He chuckled. She had done so well, his bright little girl. He had always hoped, when she expressed a desire to join the family business, so to speak, that she would forsake Pediatrics and Psychiatry in favor of Nephrology, or maybe even just Infectious Disease. But she went and picked something totally different, in usual Sairah style.

"Sai…" Her head snapped up at the tone of his voice. "How have you been, kid? I mean how have they been?"

"The years, you mean? Just as fabulous as yours seem to have been," she said, laughing.

"Do I look that bad?"

"You're still thirty five in my head, PG." He laughed at the familiar nickname and his face softened. "Dare I ask," she questioned, pointing to his cane.

"Infarction, rectus femoris, vastus intermedialis, parts of medialis and lateralis." Her brows furrowed in thought before it dawned on her.

"You wouldn't let them amputate."

"Sairah."

"I wouldn't have either." That stopped all the thoughts in his head and the scolding he was about to dish out.
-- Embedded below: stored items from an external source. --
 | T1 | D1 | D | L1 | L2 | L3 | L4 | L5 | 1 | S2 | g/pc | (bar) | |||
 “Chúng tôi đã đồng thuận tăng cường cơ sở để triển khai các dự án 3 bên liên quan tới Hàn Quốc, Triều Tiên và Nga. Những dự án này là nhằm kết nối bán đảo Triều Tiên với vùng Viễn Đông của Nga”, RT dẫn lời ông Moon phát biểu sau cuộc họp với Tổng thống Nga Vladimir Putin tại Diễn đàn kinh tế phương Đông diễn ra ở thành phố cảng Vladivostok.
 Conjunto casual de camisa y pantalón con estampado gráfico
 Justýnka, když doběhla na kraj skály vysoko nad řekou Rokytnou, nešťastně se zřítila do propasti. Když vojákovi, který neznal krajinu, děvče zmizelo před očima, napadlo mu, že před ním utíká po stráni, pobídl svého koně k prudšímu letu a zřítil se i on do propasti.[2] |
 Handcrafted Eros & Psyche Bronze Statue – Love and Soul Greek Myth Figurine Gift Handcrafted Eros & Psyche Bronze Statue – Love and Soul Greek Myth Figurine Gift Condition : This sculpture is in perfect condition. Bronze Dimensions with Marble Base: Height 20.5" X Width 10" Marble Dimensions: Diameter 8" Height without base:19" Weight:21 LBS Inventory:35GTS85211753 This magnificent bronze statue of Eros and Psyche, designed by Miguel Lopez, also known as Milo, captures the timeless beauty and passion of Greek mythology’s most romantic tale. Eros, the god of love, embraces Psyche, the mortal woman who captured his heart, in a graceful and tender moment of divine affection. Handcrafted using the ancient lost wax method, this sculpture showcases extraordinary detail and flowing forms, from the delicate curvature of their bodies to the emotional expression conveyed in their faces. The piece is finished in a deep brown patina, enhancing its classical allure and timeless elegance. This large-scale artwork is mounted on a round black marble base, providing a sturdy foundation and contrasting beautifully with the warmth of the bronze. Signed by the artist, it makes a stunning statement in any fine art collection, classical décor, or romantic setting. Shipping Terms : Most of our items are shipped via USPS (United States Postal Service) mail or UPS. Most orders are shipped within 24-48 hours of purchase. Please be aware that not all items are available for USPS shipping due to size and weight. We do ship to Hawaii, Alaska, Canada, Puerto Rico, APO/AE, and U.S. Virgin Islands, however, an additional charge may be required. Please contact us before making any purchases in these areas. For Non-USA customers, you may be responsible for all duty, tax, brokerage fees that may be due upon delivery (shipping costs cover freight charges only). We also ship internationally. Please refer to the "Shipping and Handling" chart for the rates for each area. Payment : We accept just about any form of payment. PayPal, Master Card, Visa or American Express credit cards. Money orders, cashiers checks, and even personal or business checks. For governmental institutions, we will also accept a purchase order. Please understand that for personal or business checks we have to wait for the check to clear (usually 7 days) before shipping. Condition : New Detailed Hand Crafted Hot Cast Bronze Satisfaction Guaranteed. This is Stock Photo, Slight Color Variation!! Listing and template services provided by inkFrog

He swiveled to move out of his chair and limp into the balcony.

He tilted his head without looking back and waited until she was resting her lower arms on the banister next to him.
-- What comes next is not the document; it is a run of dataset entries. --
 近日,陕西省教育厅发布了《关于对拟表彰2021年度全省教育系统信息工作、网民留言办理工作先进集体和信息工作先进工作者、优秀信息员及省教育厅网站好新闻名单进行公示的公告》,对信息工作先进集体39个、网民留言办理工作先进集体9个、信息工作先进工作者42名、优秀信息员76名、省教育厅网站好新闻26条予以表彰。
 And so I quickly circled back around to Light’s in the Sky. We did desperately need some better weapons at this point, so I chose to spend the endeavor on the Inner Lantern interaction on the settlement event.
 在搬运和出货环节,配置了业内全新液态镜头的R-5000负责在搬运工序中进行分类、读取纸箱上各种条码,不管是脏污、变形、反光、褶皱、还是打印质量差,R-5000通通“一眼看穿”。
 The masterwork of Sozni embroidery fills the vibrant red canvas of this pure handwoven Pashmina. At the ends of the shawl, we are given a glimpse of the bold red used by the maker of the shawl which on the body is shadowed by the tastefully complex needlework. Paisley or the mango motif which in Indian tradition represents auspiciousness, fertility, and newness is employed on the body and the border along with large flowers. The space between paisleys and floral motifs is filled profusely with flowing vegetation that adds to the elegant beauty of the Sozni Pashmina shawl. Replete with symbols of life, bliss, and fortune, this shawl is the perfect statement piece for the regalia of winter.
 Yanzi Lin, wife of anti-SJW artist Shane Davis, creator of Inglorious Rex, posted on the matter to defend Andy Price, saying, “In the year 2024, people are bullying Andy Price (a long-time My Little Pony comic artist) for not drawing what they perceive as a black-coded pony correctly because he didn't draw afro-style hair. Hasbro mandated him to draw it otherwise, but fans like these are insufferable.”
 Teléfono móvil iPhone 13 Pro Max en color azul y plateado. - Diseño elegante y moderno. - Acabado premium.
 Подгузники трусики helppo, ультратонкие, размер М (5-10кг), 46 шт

"You remember Stacy don't you?" His lips quirked at the immediate expression of distaste that had settled on her face.

"Yeah," she said.

"I thought you liked her…"

"I was nice because I had to be. I hated the Southern belle act, I hated the hair, and mostly, I hated that you didn't visit nearly as often, and when you did, it was like a top secret mission."

"Was not…"

"Was too!"

"I did visit just as much, kid, she came with me."

"Excuse me if those don't count in my mind." He smiled before straightening and setting a hand on her head.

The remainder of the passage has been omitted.